Robbi Sher discusses art in literature and surrealism in Murakami.

Murakami’s Killing Commendatore got me thinking about art within literature. We can easily find examples of literature within art: Shakespeare’s Hamlet in Millais’ Ophelia, Lewis Carroll’s Alice in Wonderland in Dali’s Mad Tea Party, Lord Tennyson’s The Lady of Shallott in Waterhouse’s painting of the same name. Leonardo da Vinci famously said that “painting is poetry that is seen rather than felt”. But art within literature seems to be something entirely different – for Murakami it is the threshold between the ordinary and the extraordinary.

Paintings in Killing Commendatore are “channels through which reality can become unreal – or unreality can enter the realm of the real”. If reading Killing Commendatore can be likened to deep-sea diving, then paintings are the magnificent underwater caverns you might encounter after miles of seaweed. As you find yourself surrounded by chandelier-like rock formations and coral gardens, you struggle with the concept that these worlds can exist within the realm of the sea. The moment is transitory though, and suddenly you’re negotiating murky water again. Art is Murakami’s doorway to surrealism.

Murakami’s nameless narrator is a portrait artist who attempts to document the turbulent nine months following his flight from a failed marriage. He settles in the remote mountain home of Tomohiko Amada, a famous ex-painter and his friend’s father. There, he uncovers the evocative painting Killing Commendatore, an Asuka-style depiction of the opening scene from Mozart’s opera Don Giovanni (art within art within art?), which ultimately takes him down a rabbit hole of self-discovery. Thrown in there somewhere is a ringing bell from a pit in the woods, a thirteen-year-old girl obsessed with the size of her breasts, and a Gatsby-esque tycoon living in a mansion across the valley on an elaborate mission to prove said girl is his daughter. Best of all is the “sentient idea”, a two-foot-tall apparition of the Commendatore from the painting, who acts as a kind of tour guide in Murakami’s museum of magical realism. “The truth is a symbol, and symbols are the truth,” he says. “It’s best to grasp symbols the way they are”. He also warns against an “underworld haunted by double metaphors”. I don’t understand – but I’m not sure Murakami wants me to.

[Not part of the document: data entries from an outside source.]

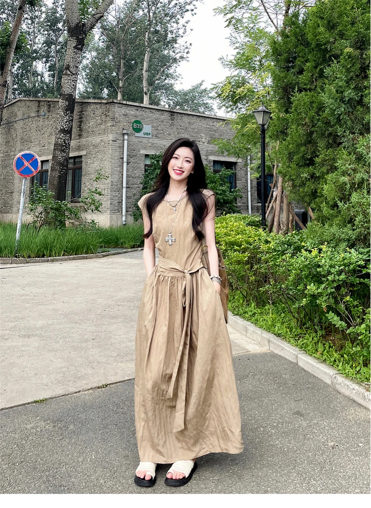 French Riviera Maxi Dress Women Sleeveless Vacation Wear Sculpted Waist Effortless Elegance Seaside Aesthetic Minimalist Luxury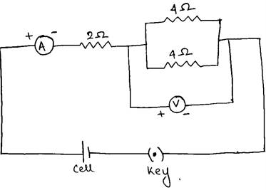 Draw a circuit diagram of an electric circuit containing a cell, a key, an ammeter, a resistor of 2Ω in series with a combination of two resistors (4Ωeach) in parallel and a voltmeter across the parallel combination. Will the potential difference across the 2Ωresistor be same as that across the parallel combination of 4Ω resistors? Give reason.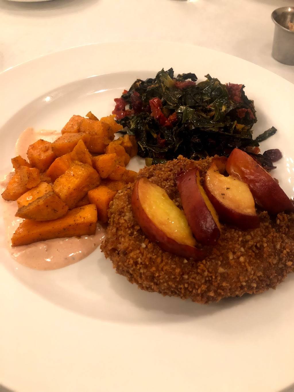 Very fresh appetizers. Chicken was well presented and very moist and tender. Green beans were crisp, but a bit too salty for my taste. Good quality salt, however. Bread pudding was outstanding.

The oscillation between natural and supernatural is seamless. It becomes impossible to extract one from the other. Boundaries “always seem to be shifting […] we need to pay close attention to that movement otherwise we won’t know which side we’re on”. The plot is so ludicrous that it’s hard to believe this is Murakami’s fourteenth novel; it has the chaotic nature of a debut. But (and this is the source of our wonderful confusion) Murakami’s writing, at all points, remains exquisitely controlled. Perhaps here it’s worth mentioning his legendary daily routine when working on a novel. “I wake up at four a.m.,” he explains in a 2004 interview for the Paris Review, “and work continuously for five to six hours. In the afternoon, I run ten kilometers, read a bit or listen to music, and go to bed at nine p.m.” He describes the routine, to which he adheres without variation for six months to a year, as “a form of mesmerism”. To remain grounded, to regulate the pace of his writing in the face of a tumultuous and volatile plot line, “is like survival training,” he continues. “Physical strength is as necessary as artistic sensitivity.”

Murakami’s narrator likes to leave some of his portraits unfinished, and, suitably, the ending of Killing Commendatore leaves a multitude of questions unanswered. The narrator simply returns home to make amends with his ex-wife. Maybe he has been liberated as an artist; maybe he has rebuilt his identity from the initial wreckage of the relationship. But he echoes my mild dismay with the line “I couldn’t be sure if I had moved forward or fallen behind, or if I was just circling over the same spot”.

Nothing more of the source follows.